- **Problem to solve**: Repeat the stretch of entries below from the line with "XBKXMK Fur Ballet" through the line with "Zestaw pościeli 100x160". Include both ends and add nothing.

- **Data for processing**:
==============================

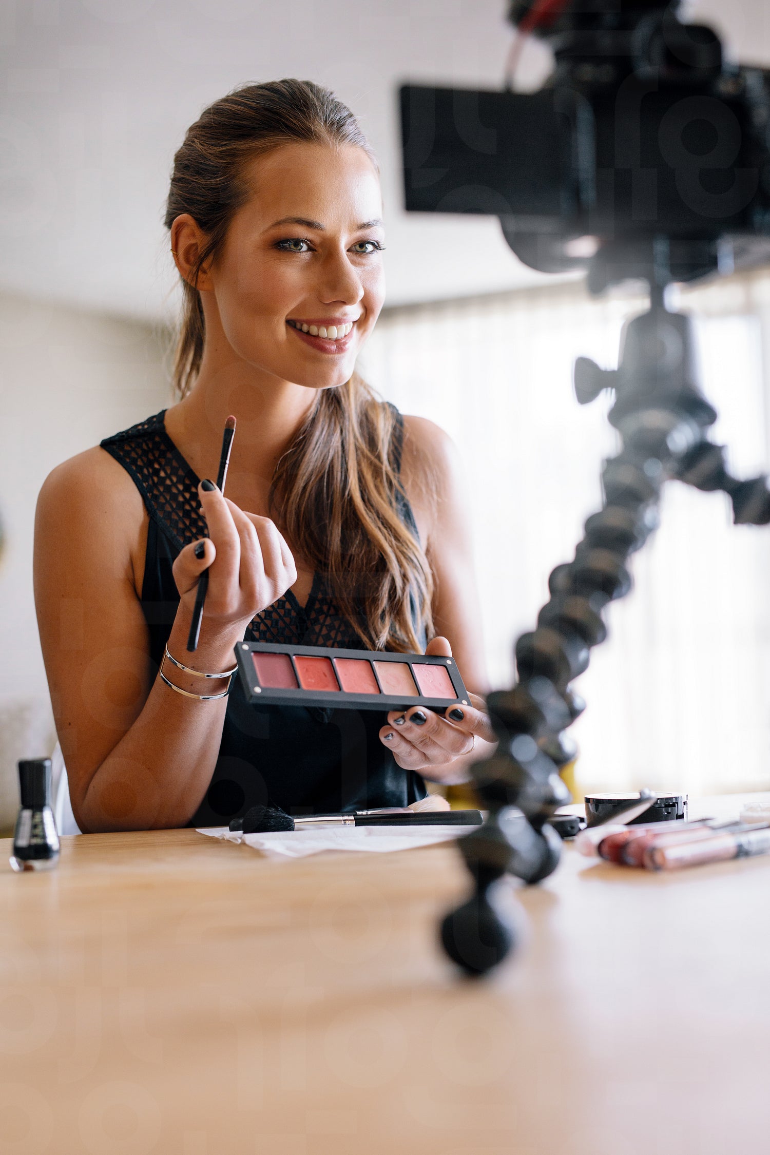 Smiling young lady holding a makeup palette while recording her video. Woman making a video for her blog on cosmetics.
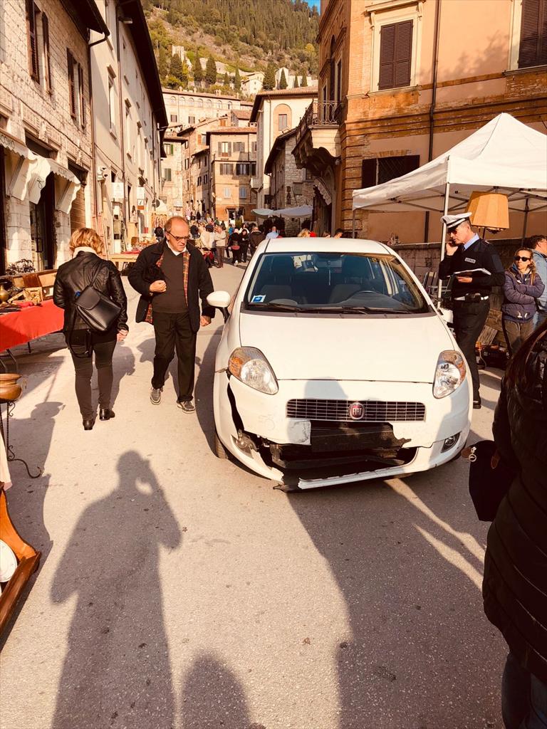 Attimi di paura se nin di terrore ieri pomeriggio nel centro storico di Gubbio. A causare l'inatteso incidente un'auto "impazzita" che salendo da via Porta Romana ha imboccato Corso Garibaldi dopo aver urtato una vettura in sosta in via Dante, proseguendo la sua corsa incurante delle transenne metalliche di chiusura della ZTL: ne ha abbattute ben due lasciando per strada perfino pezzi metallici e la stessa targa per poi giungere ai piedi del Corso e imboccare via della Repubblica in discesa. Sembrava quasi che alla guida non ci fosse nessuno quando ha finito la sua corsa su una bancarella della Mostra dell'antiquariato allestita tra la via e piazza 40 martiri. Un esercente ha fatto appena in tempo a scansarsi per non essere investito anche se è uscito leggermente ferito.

==============================

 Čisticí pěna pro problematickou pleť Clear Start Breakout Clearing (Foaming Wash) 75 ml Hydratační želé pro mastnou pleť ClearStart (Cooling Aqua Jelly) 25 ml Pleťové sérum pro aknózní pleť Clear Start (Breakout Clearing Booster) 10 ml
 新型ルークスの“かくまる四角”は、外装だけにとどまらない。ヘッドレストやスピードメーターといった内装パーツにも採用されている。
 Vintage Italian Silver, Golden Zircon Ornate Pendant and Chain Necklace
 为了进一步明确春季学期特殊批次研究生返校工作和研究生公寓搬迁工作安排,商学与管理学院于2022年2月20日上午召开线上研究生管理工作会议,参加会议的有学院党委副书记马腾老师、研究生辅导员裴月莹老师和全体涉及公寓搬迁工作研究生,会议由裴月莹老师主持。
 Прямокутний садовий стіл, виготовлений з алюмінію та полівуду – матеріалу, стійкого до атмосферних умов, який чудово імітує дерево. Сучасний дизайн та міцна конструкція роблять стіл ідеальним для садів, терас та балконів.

==============================

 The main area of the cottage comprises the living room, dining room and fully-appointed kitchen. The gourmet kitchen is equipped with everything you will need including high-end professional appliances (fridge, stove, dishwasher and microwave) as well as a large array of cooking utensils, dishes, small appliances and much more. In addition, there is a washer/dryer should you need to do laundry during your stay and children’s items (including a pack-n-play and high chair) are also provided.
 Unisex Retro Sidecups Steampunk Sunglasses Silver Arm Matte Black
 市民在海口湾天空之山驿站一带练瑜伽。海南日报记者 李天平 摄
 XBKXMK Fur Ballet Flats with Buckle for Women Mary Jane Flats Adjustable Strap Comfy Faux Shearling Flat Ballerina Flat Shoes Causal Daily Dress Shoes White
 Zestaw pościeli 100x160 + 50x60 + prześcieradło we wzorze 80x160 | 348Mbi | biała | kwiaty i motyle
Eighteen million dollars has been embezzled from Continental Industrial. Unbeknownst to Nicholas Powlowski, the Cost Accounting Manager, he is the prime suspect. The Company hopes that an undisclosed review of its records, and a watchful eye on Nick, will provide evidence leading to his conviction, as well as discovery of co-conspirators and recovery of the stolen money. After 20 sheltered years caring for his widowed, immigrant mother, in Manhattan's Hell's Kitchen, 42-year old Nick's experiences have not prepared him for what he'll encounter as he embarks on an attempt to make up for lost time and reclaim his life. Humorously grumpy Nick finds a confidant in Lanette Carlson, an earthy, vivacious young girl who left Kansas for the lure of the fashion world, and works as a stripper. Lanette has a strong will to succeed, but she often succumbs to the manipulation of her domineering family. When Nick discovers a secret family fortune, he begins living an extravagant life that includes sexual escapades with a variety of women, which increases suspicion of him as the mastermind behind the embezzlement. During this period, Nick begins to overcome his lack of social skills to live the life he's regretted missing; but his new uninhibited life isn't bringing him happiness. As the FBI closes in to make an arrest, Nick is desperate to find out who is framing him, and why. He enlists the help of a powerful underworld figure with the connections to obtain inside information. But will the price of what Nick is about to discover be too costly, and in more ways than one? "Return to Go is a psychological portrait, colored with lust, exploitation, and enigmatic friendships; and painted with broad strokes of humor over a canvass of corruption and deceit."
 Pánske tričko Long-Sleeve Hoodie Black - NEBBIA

==============================

- **Solution for this task**:
 XBKXMK Fur Ballet Flats with Buckle for Women Mary Jane Flats Adjustable Strap Comfy Faux Shearling Flat Ballerina Flat Shoes Causal Daily Dress Shoes White
 Zestaw pościeli 100x160 + 50x60 + prześcieradło we wzorze 80x160 | 348Mbi | biała | kwiaty i motyle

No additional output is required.